Over the past year, Noel Edmonds has become the suspiciously-dark-bearded ghoul that hangs over my work. Though I worry my compulsive references to the man will eventually drive every Patron away, I just can’t help myself. But recently, I stumbled on something that’s worth sharing, even if every one of you switch your Patreon bucks to that security guard who got fired for broadcasting his gruffs.

Cracking America is the big goal for many an entertainer, particularly those who feel they’ve hit the ceiling over here. Actors regularly quit Eastenders to move to LA for bit parts as a paedo in CSI, while musicians and presenters are similarly eager to hit that massive US market, and the crazy money that comes with it. Even Brucie had a crack, with Bruce Forsyth’s Hot Streak; a gameshow that ran for 65 episodes on ABC in 1986. There are plenty who’ve made it — Craig Ferguson, Simon Cowell, Cat Deeley, Gordon Ramsay, Piss Morgan — while others, such as Robbie Williams, are condemned to elicit excited shrieks from the viewers of This Morning, but ego-crushing shrugs from each of the 327,000,000 men-on-the-street in God’s chosen country. There’s someone else who took a shot at the big league, and it’s our boy, Noel, who showcased his brand of crazy pranks, celebrity cameos, and dangerous stunts to American viewers, long before he’d broken soil on the foundations of Crinkley Bottom Manor.

01

The Noel Edmonds Show was given a week-long trial run in ABC’s midnight slot, in June of 1986. Though a household name in his homeland — with the show coming post-TOTP and Swap Shop, and between series of The Late, Late Breakfast Show — his only US exposure had been as the ‘foreign correspondent’ for ABC’s Foul-Ups, Bleeps and Blunders. The pre-show promotion played up Noel’s reputation as an unpredictable maverick; the sort of wildman who’d be interviewing Roger Daltrey in a bath, amid a televisual landscape of classy Johnny Carson types, with tailored suits and white teeth.

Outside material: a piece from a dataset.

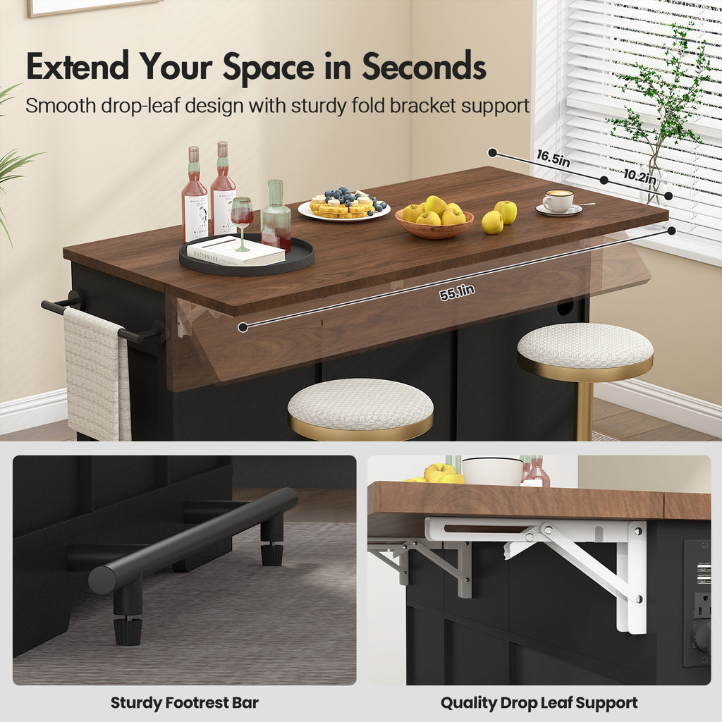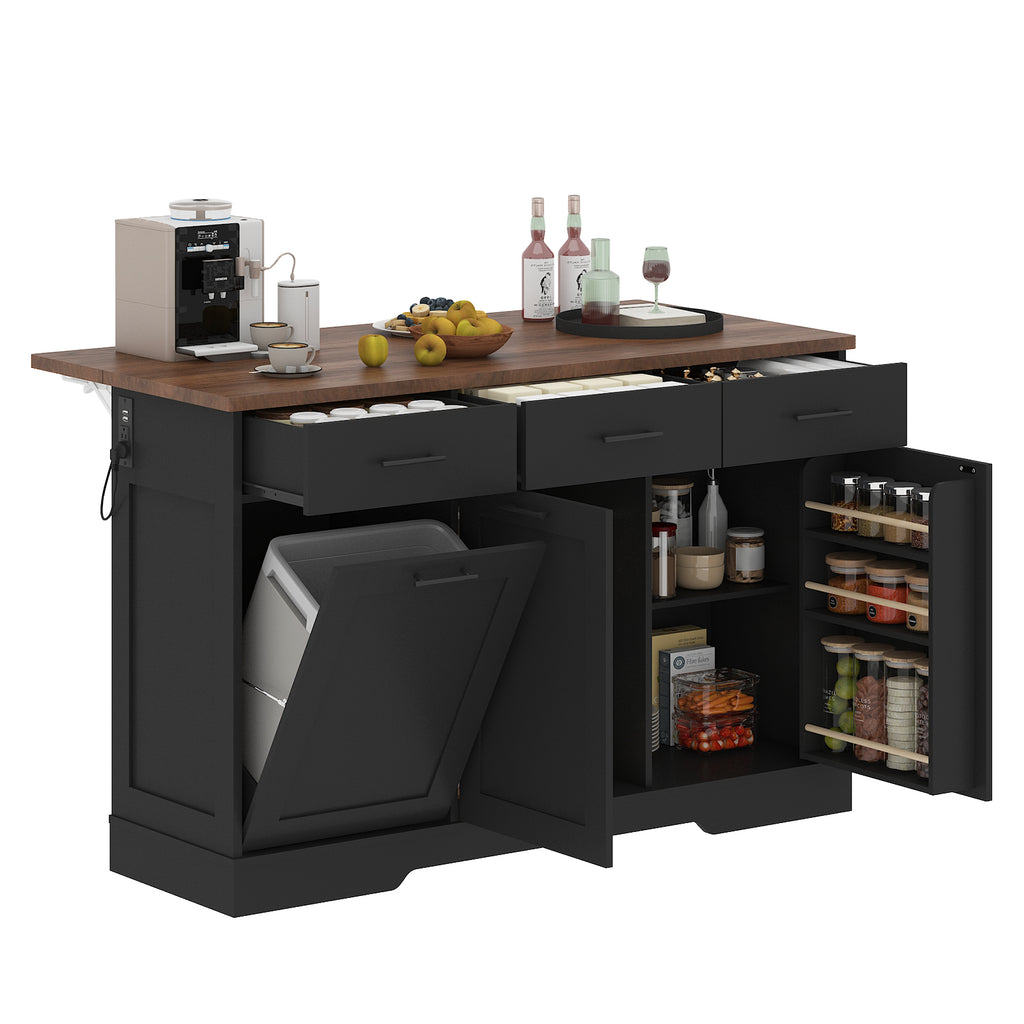 Transform your kitchen with this multifunctional expandable kitchen island. Featuring a drop-leaf tabletop for flexible dining, a built-in power station with USB ports, and ample storage including drawers, adjustable shelves, and a trash cabinet, it keeps everything organized and within reach. The sturdy counter height design doubles as a breakfast bar or coffee station, while the waterproof MDF build and elegant walnut finish bring both durability and modern style to any space.

”I went to Switzerland to interview Daltrey in the bath,” said Noel, in an interview with the Chicago Tribune at the time, adding ”I’ve never had a bath with a man before. And never will again.” He also talked up the stunts, which had become the backbone of Late, Late, though in hindsight, his choice of words would age worse than the Micky Rooney scenes in Breakfast at Tiffany’s”We’re going to pull somebody out of the audience on the first show and train them to do a particularly difficult stunt. We do a lot of stunts on my show… it works very well in England because we really look after the people.”

02

The week of pilots were directed by British producer Michael Hurll (The Two Ronnies, TOTP), with an associate producer credit for Troy Miller, who’d go onto huge success in Hollywood, producing and directing shows like Arrested Development, Bored To Death, Mr. Show, and Flight of the Conchords. Only two episodes survive; the third, originally broadcast on June 25th, 1986, and the final edition, from June 27th.

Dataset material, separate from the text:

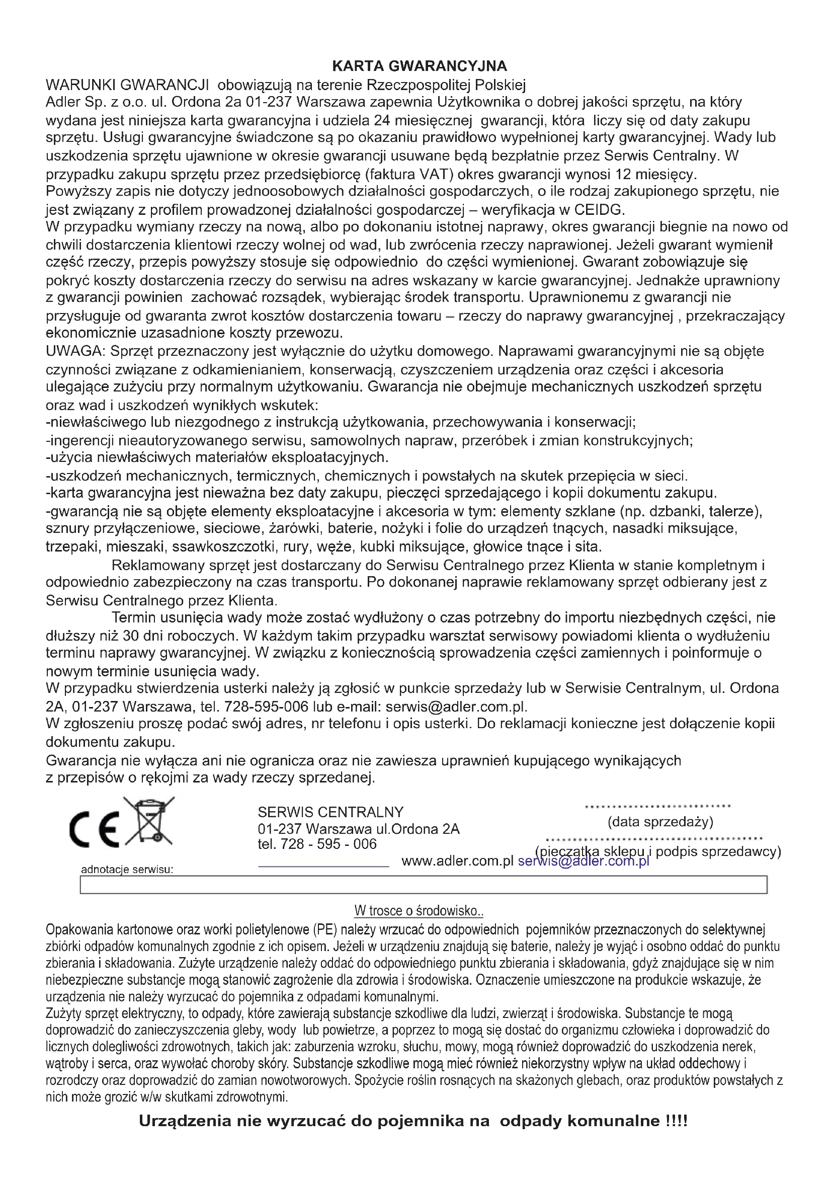 Për të mbrojtur mjedisin: ndani kartonat dhe qeset plastike dhe vendosini në kontejnerët e duhur të mbeturinave. Pajisja e përdorur duhet të dorëzohet në pika të veçanta grumbullimi që mund të ndikojnë në mjedis. Mos e hidhni këtë pajisje në mbeturina normale. KUJDES: Në varësi të madhësisë së frutave, përdorni një kon (A) për frutat më të vegjël dhe një kon (B) për frutat më të mëdhenj.32 -uszkodzeń mechanicznych, termicznych, chemicznych i powstałych na skutek przepięcia w sieci. -karta gwarancyjna jest nieważna bez daty zakupu, pieczęci sprzedającego i kopii dokumentu zakupu. -gwarancją nie są objęte elementy eksploatacyjne i akcesoria w tym: elementy szklane (np. dzbanki, talerze), sznury przyłączeniowe, sieciowe, żarówki, baterie, nożyki i folie do urządzeń tnących, nasadki miksujące, trzepaki, mieszaki, ssawkoszczotki, rury, węże, kubki miksujące, głowice tnące i sita. Reklamowany sprzęt jest dostarczany do Serwisu Centralnego przez Klienta w stanie kompletnym i odpowiednio zabezpieczony na czas transportu. Po dokonanej naprawie reklamowany sprzęt odbierany jest z Serwisu Centralnego przez Klienta. UWAGA: Sprzęt przeznaczony jest wyłącznie do użytku domowego. Naprawami gwarancyjnymi nie są objęte czynności związane z odkamienianiem, konserwacją, czyszczeniem urządzenia oraz części i akcesoria ulegające zużyciu przy normalnym użytkowaniu. Gwarancja nie obejmuje mechanicznych uszkodzeń sprzętu oraz wad i uszkodzeń wynikłych wskutek: Termin usunięcia wady może zostać wydłużony o czas potrzebny do importu niezbędnych części, nie dłuższy niż 30 dni roboczych. W każdym takim przypadku warsztat serwisowy powiadomi klienta o wydłużeniu terminu naprawy gwarancyjnej. W związku z koniecznością sprowadzenia części zamiennych i poinformuje o nowym terminie usunięcia wady. W zgłoszeniu proszę podać swój adres, nr telefonu i opis usterki. Do reklamacji konieczne jest dołączenie kopii dokumentu zakupu. -niewłaściwego lub niezgodnego z instrukcją użytkowania, przechowywania i konserwacji; W przypadku stwierdzenia usterki należy ją zgłosić w punkcie sprzedaży lub w Serwisie Centralnym, ul. Ordona 2A, 01-237 Warszawa, tel. 728-595-006 lub e-mail: serwis@adler.com.pl. Adler Sp. z o.o. ul. Ordona 2a 01-237 Warszawa zapewnia Użytkownika o dobrej jakości sprzętu, na który wydana jest niniejsza karta gwarancyjna i udziela 24 miesięcznej gwarancji, która liczy się od daty zakupu sprzętu. Usługi gwarancyjne świadczone są po okazaniu prawidłowo wypełnionej karty gwarancyjnej. Wady lub uszkodzenia sprzętu ujawnione w okresie gwarancji usuwane będą bezpłatnie przez Serwis Centralny. W przypadku zakupu sprzętu przez przedsiębiorcę (faktura VAT) okres gwarancji wynosi 12 miesięcy. z przepisów o rękojmi za wady rzeczy sprzedanej. KARTA GWARANCYJNA Gwarancja nie wyłącza ani nie ogranicza oraz nie zawiesza uprawnień kupującego wynikających -użycia niewłaściwych materiałów eksploatacyjnych. Powyższy zapis nie dotyczy jednoosobowych działalności gospodarczych, o ile rodzaj zakupionego sprzętu, nie jest związany z profilem prowadzonej działalności gospodarczej – weryfikacja w CEIDG. WARUNKI GWARANCJI obowiązują na terenie Rzeczpospolitej Polskiej W przypadku wymiany rzeczy na nową, albo po dokonaniu istotnej naprawy, okres gwarancji biegnie na nowo od chwili dostarczenia klientowi rzeczy wolnej od wad, lub zwrócenia rzeczy naprawionej. Jeżeli gwarant wymienił część rzeczy, przepis powyższy stosuje się odpowiednio do części wymienionej. Gwarant zobowiązuje się pokryć koszty dostarczenia rzeczy do serwisu na adres wskazany w karcie gwarancyjnej. Jednakże uprawniony z gwarancji powinien zachować rozsądek, wybierając środek transportu. Uprawnionemu z gwarancji nie przysługuje od gwaranta zwrot kosztów dostarczenia towaru – rzeczy do naprawy gwarancyjnej , przekraczający ekonomicznie uzasadnione koszty przewozu. -ingerencji nieautoryzowanego serwisu, samowolnych napraw, przeróbek i zmian konstrukcyjnych; SERWIS CENTRALNY 01-237 Warszawa ul.Ordona 2A tel. 728 - 595 - 006 www.adler.com.pl serwis@adler.com.pl (data sprzedaży) (pieczątka sklepu i podpis sprzedawcy) adnotacje serwisu: Urządzenia nie wyrzucać do pojemnika na odpady komunalne !!!! W trosce o środowisko.. Zużyty sprzęt elektryczny, to odpady, które zawierają substancje szkodliwe dla ludzi, zwierząt i środowiska. Substancje te mogą doprowadzić do zanieczyszczenia gleby, wody lub powietrze, a poprzez to mogą się dostać do organizmu człowieka i doprowadzić do licznych dolegliwości zdrowotnych, takich jak: zaburzenia wzroku, słuchu, mowy, mogą również doprowadzić do uszkodzenia nerek, wątroby i serca, oraz wywołać choroby skóry. Substancje szkodliwe mogą mieć również niekorzystny wpływ na układ oddechowy i rozrodczy oraz doprowadzić do zamian nowotworowych. Spożycie roślin rosnących na skażonych glebach, oraz produktów powstałych z nich może grozić w/w skutkami zdrowotnymi. Opakowania kartonowe oraz worki polietylenowe (PE) należy wrzucać do odpowiednich pojemników przeznaczonych do selektywnej zbiórki odpadów komunalnych zgodnie z ich opisem. Jeżeli w urządzeniu znajdują się baterie, należy je wyjąć i osobno oddać do punktu zbierania i składowania. Zużyte urządzenie należy oddać do odpowiedniego punktu zbierania i składowania, gdyż znajdujące się w nim niebezpieczne substancje mogą stanowić zagrożenie dla zdrowia i środowiska. Oznaczenie umieszczone na produkcie wskazuje, że urządzenia nie należy wyrzucać do pojemnika z odpadami komunalnymi.OGÓLNE WARUNKI BEZPIECZEŃSTWA WAŻNE INSTRUKCJE DOTYCZĄCE BEZPIECZEŃSTWA UŻYTKOWANIA PRZECZYTAJ UWAŻNIE I ZACHOWAJ NA PRZYSZŁOŚĆ POLSKI

It feels like glimpsing into another dimension to hear the blazing saxophone of 80’s American television, as a voice announces “Tonight, from Hollywood, it’s the Noel Edmonds Show!” The opening titles depict night-time Los Angeles, where movie theatres advertise Cobra and The Exorcist II, and billboards wear Noel’s superimposed face. He steers ABC’s helicopter through a black sky above the distant lights of Tinseltown, and down onto the studio roof, hopping on the back of a waiting motorbike. Episodes begin with celebrity VTs that play like character witness statements in a murder trial. A mulleted Julian Lennon promises “a friend of mine from London, Noel Edmonds” has something very special for us, while Phil Collins very earnestly shares how proud and pleased he is that “my mate, Noel Edmonds” has finally got a show in the US, as “everybody loves him” back home.

03

Sadly, Noel doesn’t kick off with a Jay Leno monologue about the day’s news; instead, it’s a rather British jaunt halfway down the stairs up in the bleachers, surrounded by audience members that he softly pranks in classic Noel style, turning the camera on them as they squirm through unrelated one-liners. This guy, looking awkward as he finds himself onscreen? “He wanted to see his wife in something long and flowing, so he threw her in the Mississippi!” This embarrassed lady? She’s the inventor of a non-drip, instant drying paint; “she’s gonna market it as soon as she can find a way of getting it out of the can!” Every joke is something a little nephew would read you off the back of a Penguin wrapper, especially when we go to the ad breaks, with toilet-grade material like “why is the Zebra at Dublin Zoo called Spot?” Bear in mind, this went out at midnight, and considering Noel’s self-styled reputation as a rebellious envelope-pusher, with ABC’s trailers warning “a wild man’s on the loose,” its toothlessness is something to behold. The raunchiest bit is a joke about a homeless man, where he keeps giggling over the word “bum,” aware of its far naughtier meaning back home.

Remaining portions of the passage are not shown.